**TASK INSTRUCTIONS**
Repeat each entry exactly. Drop every image.

**ENTRIES SUPPLIED**

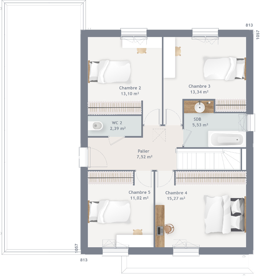 Nombre de chambres : 5.
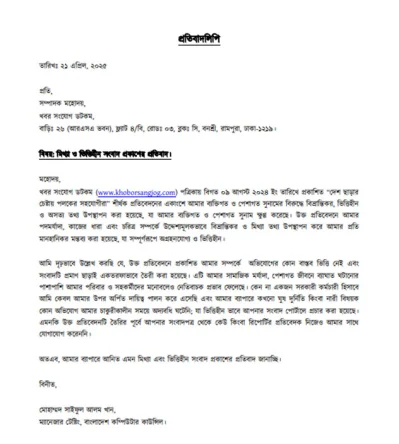 সোমবার (২১ এপ্রিল) তার স্বাক্ষরিত এক বিজ্ঞপ্তিতে এ প্রতিবাদ জানানো হয়। এতে তিনি প্রতিবেদনটিকে জনমনে বিভ্রান্তি সৃষ্টিকর ও উদ্দেশ্য প্রণোদিত বলে আখ্যায়িত করেছেন।
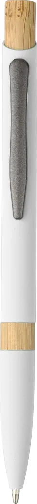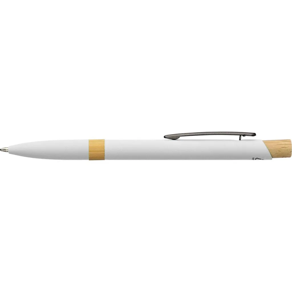 Kemijska olovka od recikliranog aluminija s gumiranom obradom, drvenim gumbom i bambusovim prstenom na tijelu. Ima mehanizam za pritisak, debljinu pisanja 1.0 mm i plavu tintu s približnom duljinom pisanja od 800 metara. Uključuje ugravirani logo od recikliranog aluminija.
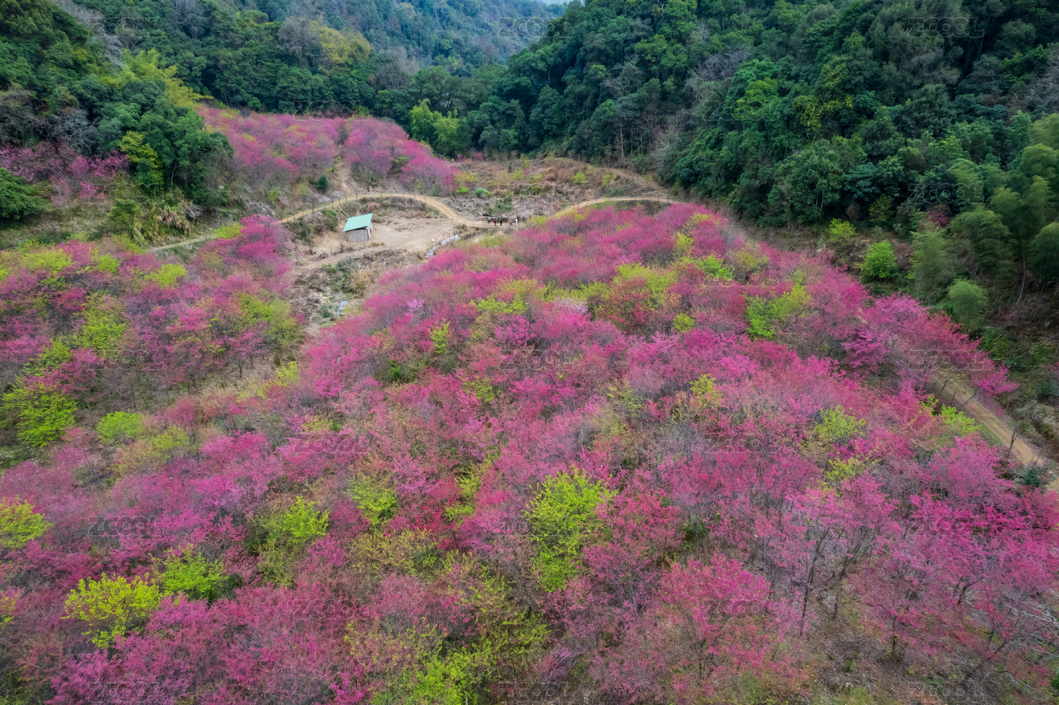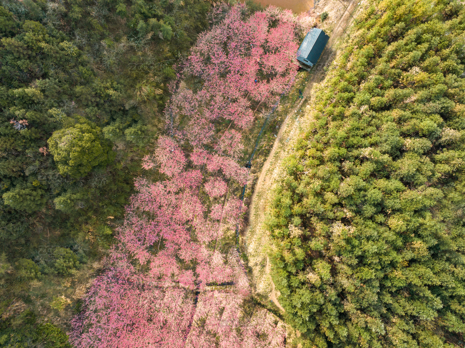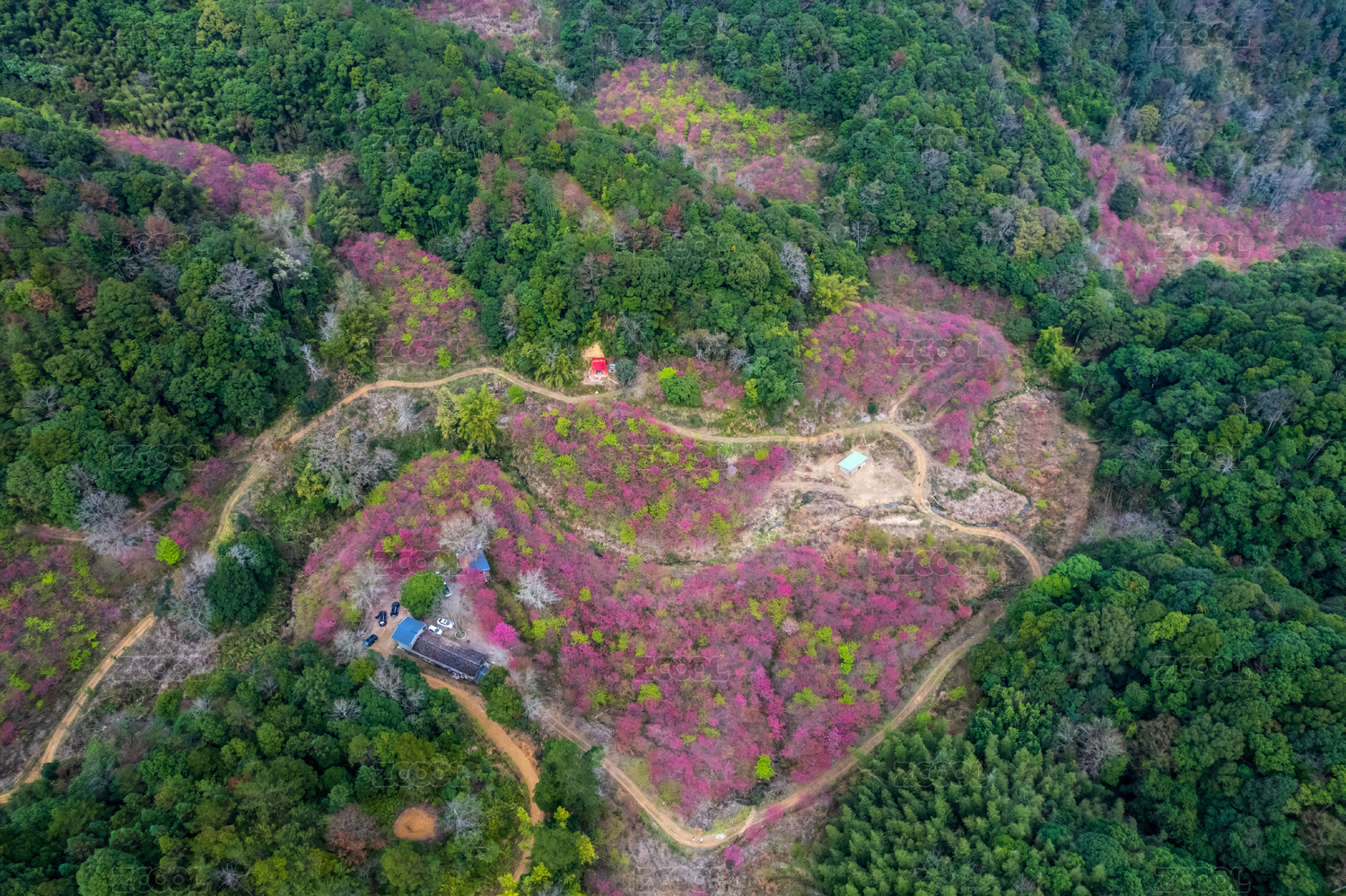 航拍中国江苏省南京明孝陵景区梅花山绽放的梅花
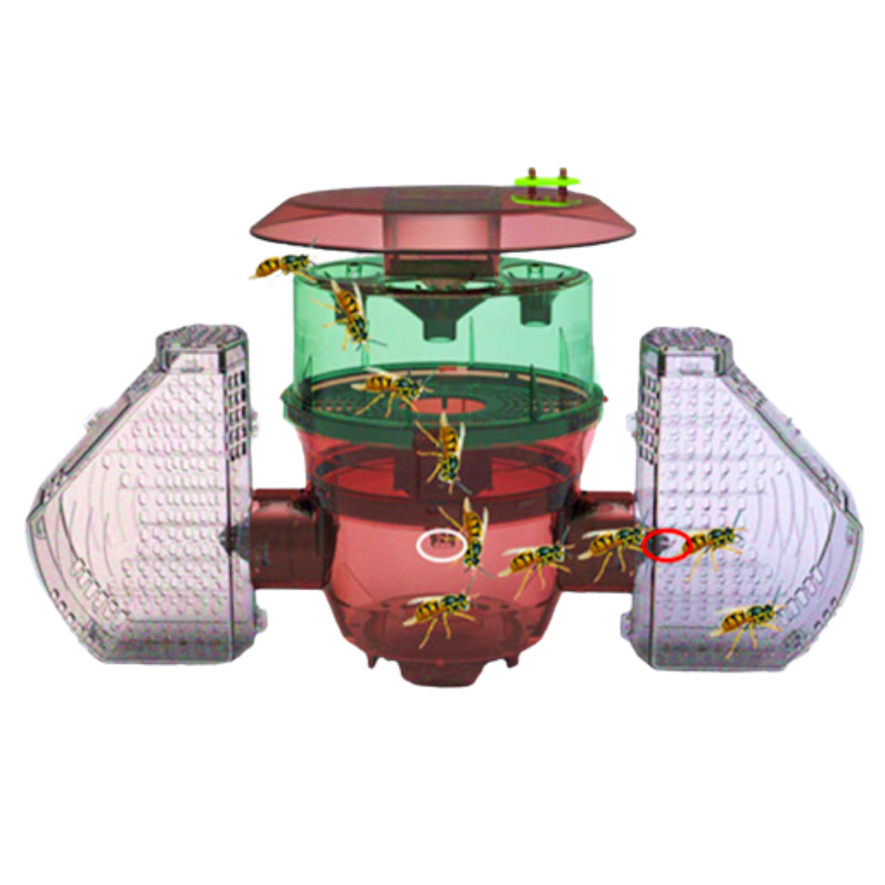 Le piège est vendu avec 4 réducteurs à installer dans le piège (sur les 4 entrées du piège). À installer seulement à l’arrivée du frelons européens. Étant plus gros, il ne passera pas dans le piège contrairement au Frelons asiatiques.
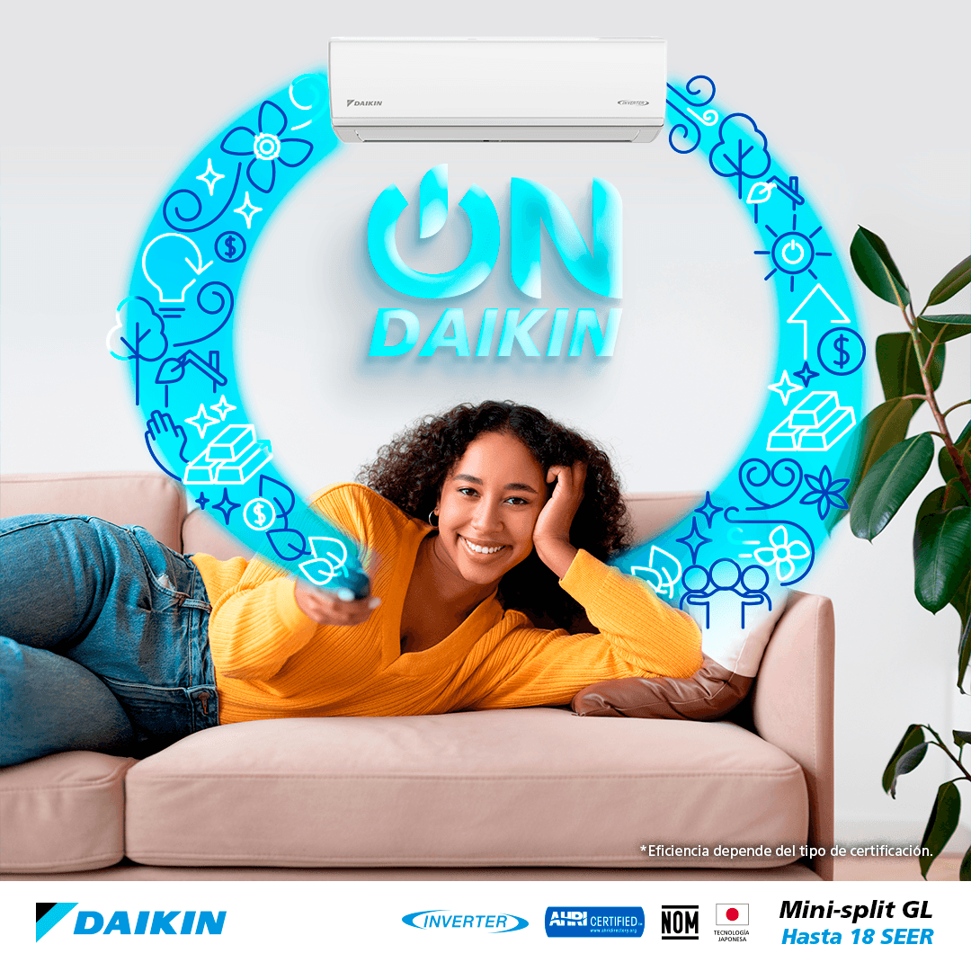 El minisplit Daikin GL es un aire acondicionado con tecnología japonesa Inverter para mayor eficiencia energética y confort, utilizando un panel plano mate para una integración estética en interiores. Ofrece alta eficiencia con hasta 18 SEER, opera silenciosamente y cuenta con características como autodiagnóstico, turbo enfriamiento, temporizador y un tratamiento anti-corrosión Goldfin para mayor durabilidad. Además, emplea refrigerante ecológico R410A para reducir el impacto ambiental.
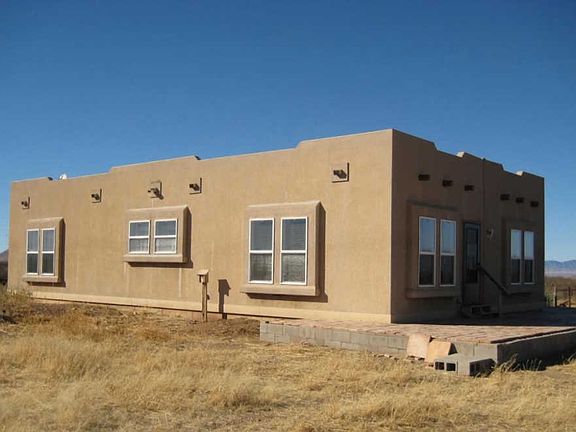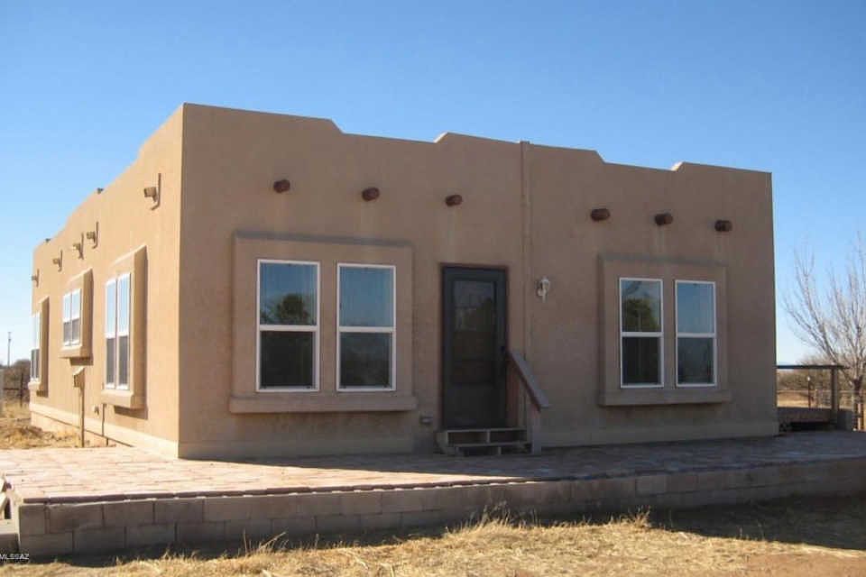 A Rare Find...7 beautiful acres near PRIME GRAPE PRODUCTION LAND near the Chiricahua Mountains...CUSTOM DESIGNED ADOBE Manufactured Home with 2 bedrooms and 2 full baths, Open Concept living room and dining room with high ceilings. Detached 24' X 36' garage /outbuilding on a concrete pad, insulated ceiling. 4' wire fence on eight (8) foot spacing of treated wood poles surrounding about one and one half acres to contain pets..(2) full RV hookups, leveled RV sites with WSE 50 amp. and underground water lines and sewage drain. Home is wired for dual TV with antenna in placeHome is sited north and south, view from kitchen and living face the surrounding mountains.
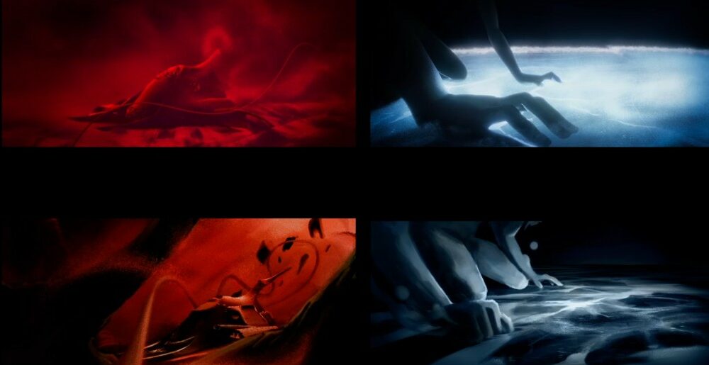 Il décide de la suivre dans les profondeurs. Il nage vers elle et lui tend sa main.
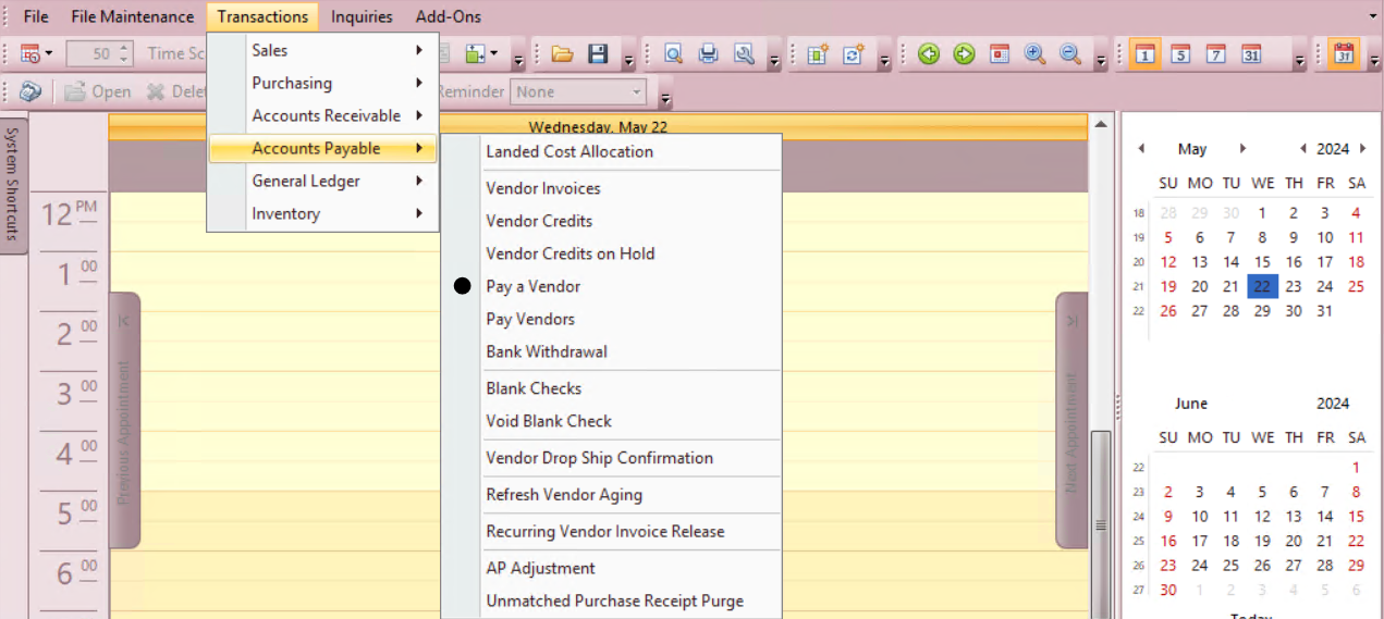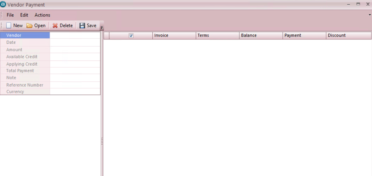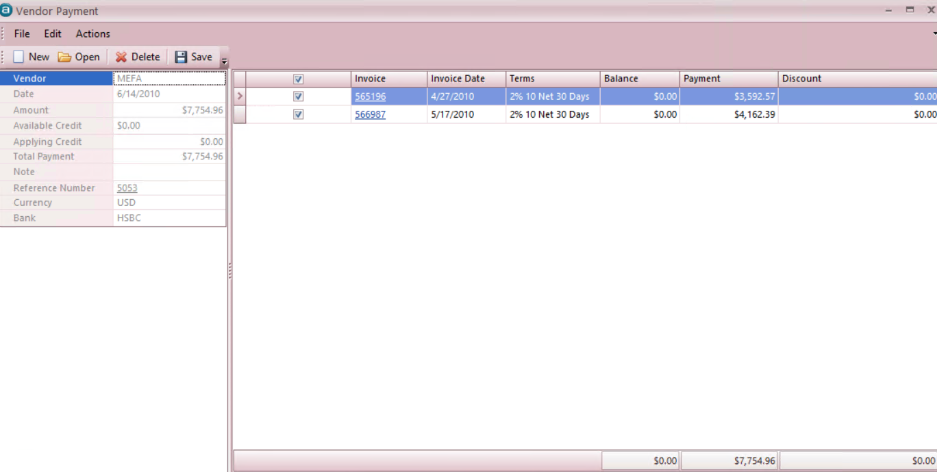- Open > Search by the Vendor Name OR Payment Amount OR "%" for the entire list of Vendor Payments.
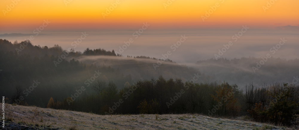 Frosty and misty sunrise in the autumn mountains of southern Poland
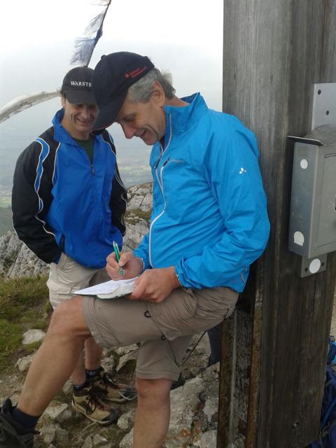 Nach einem Eintrag ins Gipfelbuch geht es wieder abwärts. Auf der
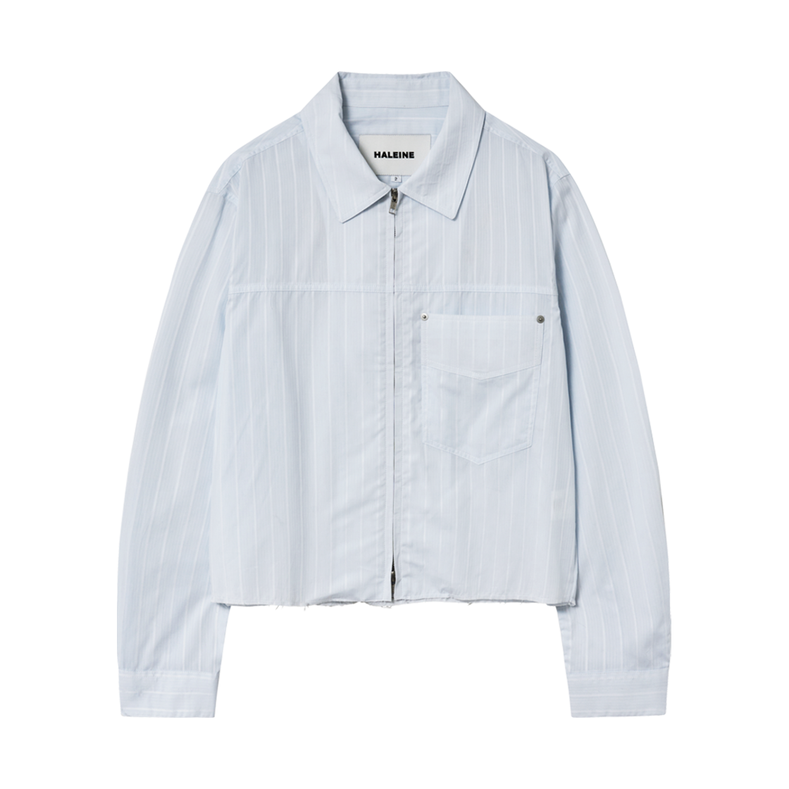 알렌느 쉬어 집업 크롭 셔츠 블루

**ANSWER SECTION**
 Nombre de chambres : 5.
 সোমবার (২১ এপ্রিল) তার স্বাক্ষরিত এক বিজ্ঞপ্তিতে এ প্রতিবাদ জানানো হয়। এতে তিনি প্রতিবেদনটিকে জনমনে বিভ্রান্তি সৃষ্টিকর ও উদ্দেশ্য প্রণোদিত বলে আখ্যায়িত করেছেন।
 Kemijska olovka od recikliranog aluminija s gumiranom obradom, drvenim gumbom i bambusovim prstenom na tijelu. Ima mehanizam za pritisak, debljinu pisanja 1.0 mm i plavu tintu s približnom duljinom pisanja od 800 metara. Uključuje ugravirani logo od recikliranog aluminija.
 航拍中国江苏省南京明孝陵景区梅花山绽放的梅花
 Le piège est vendu avec 4 réducteurs à installer dans le piège (sur les 4 entrées du piège). À installer seulement à l’arrivée du frelons européens. Étant plus gros, il ne passera pas dans le piège contrairement au Frelons asiatiques.
 El minisplit Daikin GL es un aire acondicionado con tecnología japonesa Inverter para mayor eficiencia energética y confort, utilizando un panel plano mate para una integración estética en interiores. Ofrece alta eficiencia con hasta 18 SEER, opera silenciosamente y cuenta con características como autodiagnóstico, turbo enfriamiento, temporizador y un tratamiento anti-corrosión Goldfin para mayor durabilidad. Además, emplea refrigerante ecológico R410A para reducir el impacto ambiental.
 A Rare Find...7 beautiful acres near PRIME GRAPE PRODUCTION LAND near the Chiricahua Mountains...CUSTOM DESIGNED ADOBE Manufactured Home with 2 bedrooms and 2 full baths, Open Concept living room and dining room with high ceilings. Detached 24' X 36' garage /outbuilding on a concrete pad, insulated ceiling. 4' wire fence on eight (8) foot spacing of treated wood poles surrounding about one and one half acres to contain pets..(2) full RV hookups, leveled RV sites with WSE 50 amp. and underground water lines and sewage drain. Home is wired for dual TV with antenna in placeHome is sited north and south, view from kitchen and living face the surrounding mountains.
 Il décide de la suivre dans les profondeurs. Il nage vers elle et lui tend sa main.
- Open > Search by the Vendor Name OR Payment Amount OR "%" for the entire list of Vendor Payments.
 Frosty and misty sunrise in the autumn mountains of southern Poland
 Nach einem Eintrag ins Gipfelbuch geht es wieder abwärts. Auf der
 알렌느 쉬어 집업 크롭 셔츠 블루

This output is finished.